### Records provided

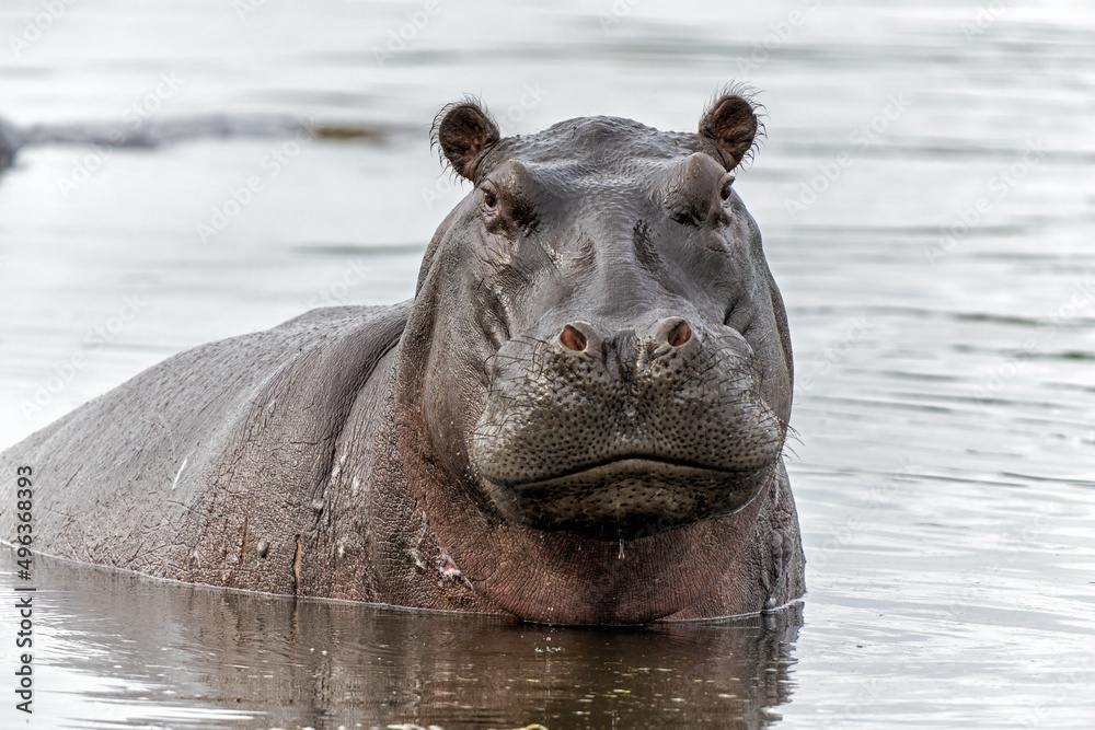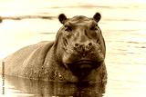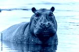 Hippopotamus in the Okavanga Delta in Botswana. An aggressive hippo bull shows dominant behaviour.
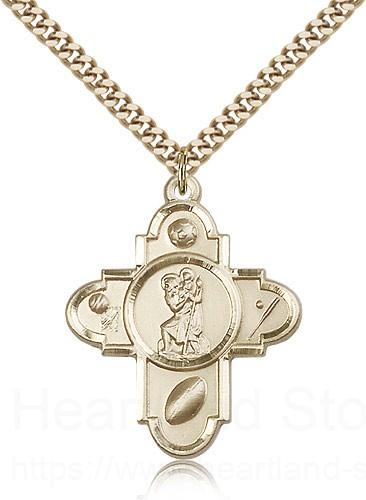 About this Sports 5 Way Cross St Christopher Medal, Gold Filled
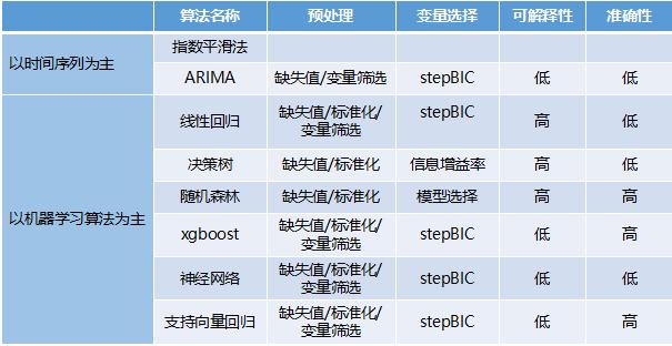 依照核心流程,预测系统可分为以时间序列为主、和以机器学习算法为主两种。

######
### Records provided

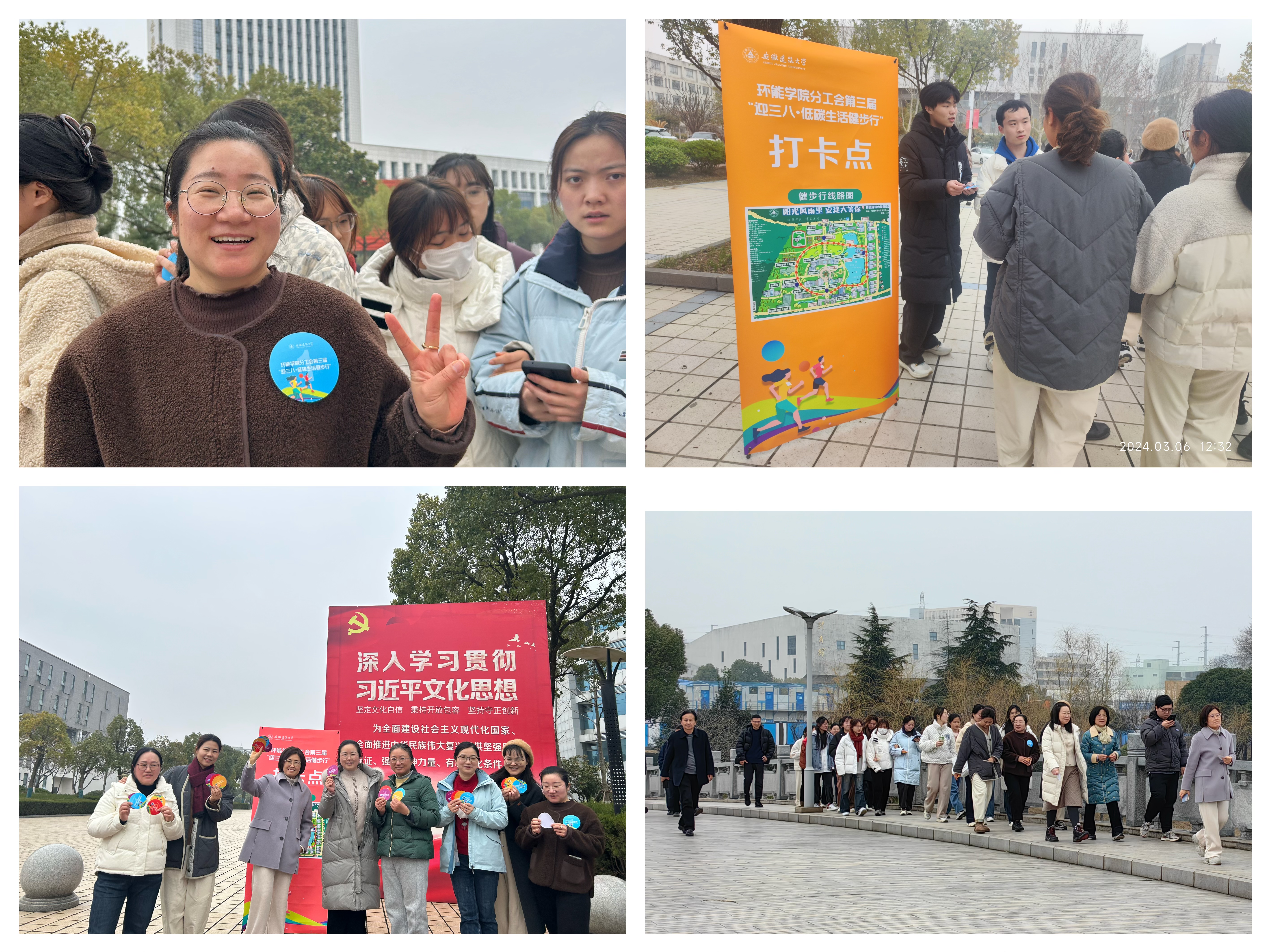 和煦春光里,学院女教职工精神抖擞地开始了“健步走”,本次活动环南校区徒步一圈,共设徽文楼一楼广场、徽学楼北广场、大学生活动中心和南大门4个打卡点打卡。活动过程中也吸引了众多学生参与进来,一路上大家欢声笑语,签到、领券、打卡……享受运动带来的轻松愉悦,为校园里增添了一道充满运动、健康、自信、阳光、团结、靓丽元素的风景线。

######

* What you will do *
Look above for the line with "Hippopotamus in the" and the line with "依照核心流程,预测系统可分为以时间序列为主、和以机器学习算法为主两种。". Give again exactly those two lines and all lines between them, pictures excluded.

* Answer section *
 Hippopotamus in the Okavanga Delta in Botswana. An aggressive hippo bull shows dominant behaviour.
 About this Sports 5 Way Cross St Christopher Medal, Gold Filled
 依照核心流程,预测系统可分为以时间序列为主、和以机器学习算法为主两种。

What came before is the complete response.